So I get a phone call Saturday morning from my best friend DeAnna. Well, it was a text, but none the less it means she is in town! She lives in St. George about 4 hours away from where I live so I NEVER see her. Turns out they are having a birthday party for their youngest, Taylor, at Chuck E. Cheese's in Layton. So of course I get my shiz together so I can go.
So I load up the car with the birthday presents and head up north on a 40 minute drive to my home town, Layton.
(Pronounced Lay'un the 't' is silent ya know)
So I'm about half way there when my car decides to play an evil trick on me. Even though my gas meter shows that I am 3/4 full, I run out of gas.
On the freeway.
Yes. Of course I took pictures, that's what a devoted blogger does in these situations.

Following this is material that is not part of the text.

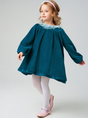 Нарядное детское платье для девочки от PlayToday — уютная и стильная модель из мягкого велюра с акцентом на воротнике из многослойного фатина. Такое платье идеально подойдёт для праздников, фотосессий и особых случаев, сочетая комфорт с эффектным дизайном.
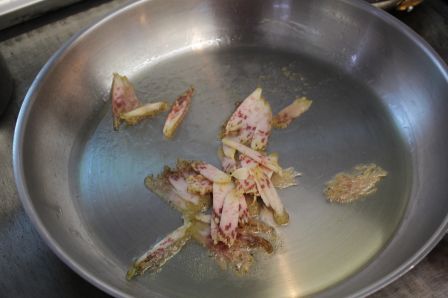 1. Commencez à froid : les vermicelles de ventrèche dans la poêle.

So I'm sitting there wondering what to do. There was no way I was going to call the hubster to come save me. He was at home dealing with some electrical problem in our garage which was the reason why he couldn't come with me in the first place. There's no way in hell I was going to spring this one on him too. So I called Lindee.

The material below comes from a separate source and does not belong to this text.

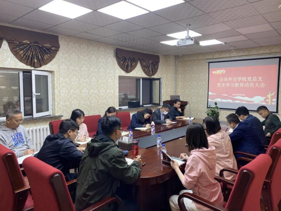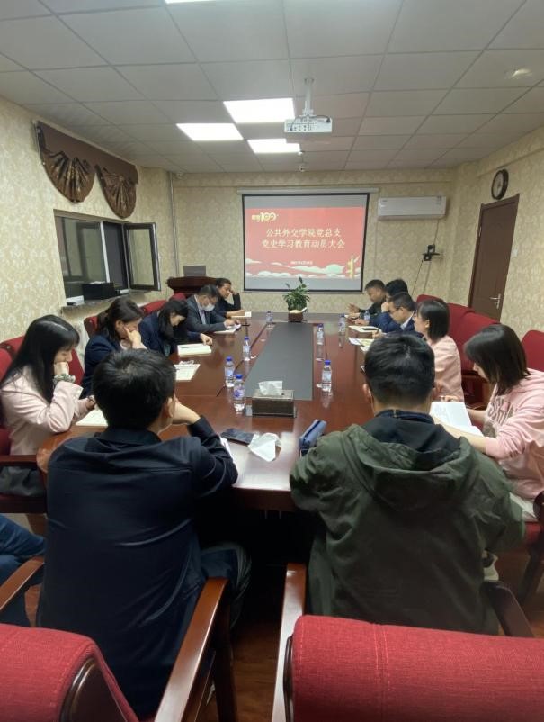 为深入学习贯彻习近平总书记在党史学习教育动员大会上的重要讲话精神并全面落实学校党史学习教育相关要求,2021年4月20日下午,公共外交学院党总支在行政楼217会议室召开党史学习教育动员大会,学院在长领导班子成员、各党支部书记及部分师生党员代表参加了本次会议。会议由学院党总支书记杨民主持。

As I told her my problem and she offered to come get me, I looked over to the side of the free way.
The only thing seperating me from the city of Bountiful was this fence. I could totally take on that fence. So I told Lindee not to come, even though she kept calling and insisting, and I left my car to go on a little journey.

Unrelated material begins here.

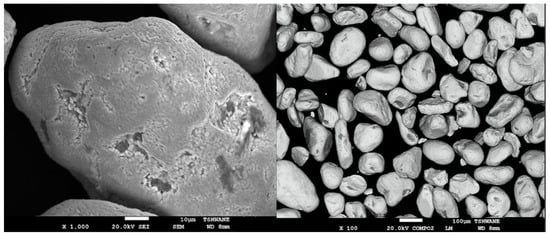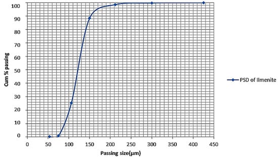 The ilmenite samples used in this study were ilmenite beach placer sands collected from Richards Bay Minerals in South Africa. The particle size distribution of the sands was determined using the Malvern particle size analyzer and confirmed by the standard laboratory Tyler series sieves as both methods determine the cut size. The X-ray fluorescence spectrometry technique was used to determine the ilmenite sands’ chemical composition, while the phases within the sand were identified using the X-Ray diffractometer technique using the PANalytical Empyrean Powder X-ray diffraction. The morphologies and the backscattered electrons of the sand were observed using a Jeol HR-SEM (model JSM 7600F, JEOL, Akishima, Japan), and the elemental compositions were mapped using energy dispersive spectrometry (EDS) techniques.

Luckily there was a gas station less then a mile away and was able to buy a gas can to take back to my car. As I walked down the busy street, I realized what a cliche I was. A blonde WOMAN in heels walking down the street with a gas can in hand, I'm sorry to all you women out there, I've just contributed to the bad wrap women drivers get.
I wanted to scream at all the honking cars:
"It was my car's fault! It said I had a 3/4 full tank people!! It tricked me, NOT. MY. FAULT!"
Now climbing the fence on the way back with a gas can in hand was a little tricky. I threw my shoes and purse over the fence into the swampy mush on the other side and started climbing with the gas can in hand. Of course as I'm jumping down the fence, my pants get caught and now I have a nice hole right on the back of my thigh.
But look, after walking through all the swampiness I made it back to my car! Now to get the gas in the car was another problem. That gas can was ridiculous! I followed the instructions but as I poured the gas, about half of it got into the tank and half all over me, the side of my car and the concrete! Mmmmm, gas perfume.
I'm muddy, stinky, wet and tired but hey, the car starts! And I'm on my way.
So now for the happy part of the story. The birthday party. Little Taylor turned ONE! Look how adorable this little girl is:
And that's my best friend! Isn't she gorgeous! We've been best friends for over 14 years!
She has 3 adorable kids, 2 boys and 1 girl. Yeah, I think she's winning, she got a head start on the whole baby making thing.
DeAnna - 3
Kelly - 0
Here's a pic of her beautiful boys:
Isn't her family beautiful? Here's a little older pic:
(Sorry De, just had to steal these from you!)
I seriously need to do like a whole week of posts on DeAnna and our crazy times together so I'll save that for another time. The party was mad crazy, look at her huge family, she has 4 sisters and no brothers:
Tay and her birthday cake mustache:
Lindee and Logan were able to come too, it was a lot of fun getting Logan and DeAnna's boy Jordan together, they are the same age.
Thanks De for inviting us, it was so great to see you and your family and I already miss you!
Now I hadn't been to Chuck E. Cheeze's since I was like 6 and I remembered it as such a wonderful magical place. Ya know, where a kid can be a kid right? Well, it wasn't quite what I remembered.
It's a freakin kid zoo in there! I could actually see the germs floating through the air, and I have to tell you there are MEAN kids there!
My poor little nephew got in the way of this kid's skeeball game so the punk decided to kick Logan repeatedly in the stomach! Logan didn't know what to do so he just covered his head as the bully continued kicking him. Lindee was able to save him and was so pissed at that punk ass kid! She came and told me about it and we both wanted to cry! Who could kick this cute little boy? Aren't your eyes filling with tears right now just thinking about it? Mine too.
Lindee was seriously like the mama bear protecting her cub. I'm pretty sure she was gonna kick that little kid's ass to China but lucky for him, we never saw him again.
Which is probably a good thing considering he was like 7 and we are well, older than that, and we could probably do some real damage to that mother effer.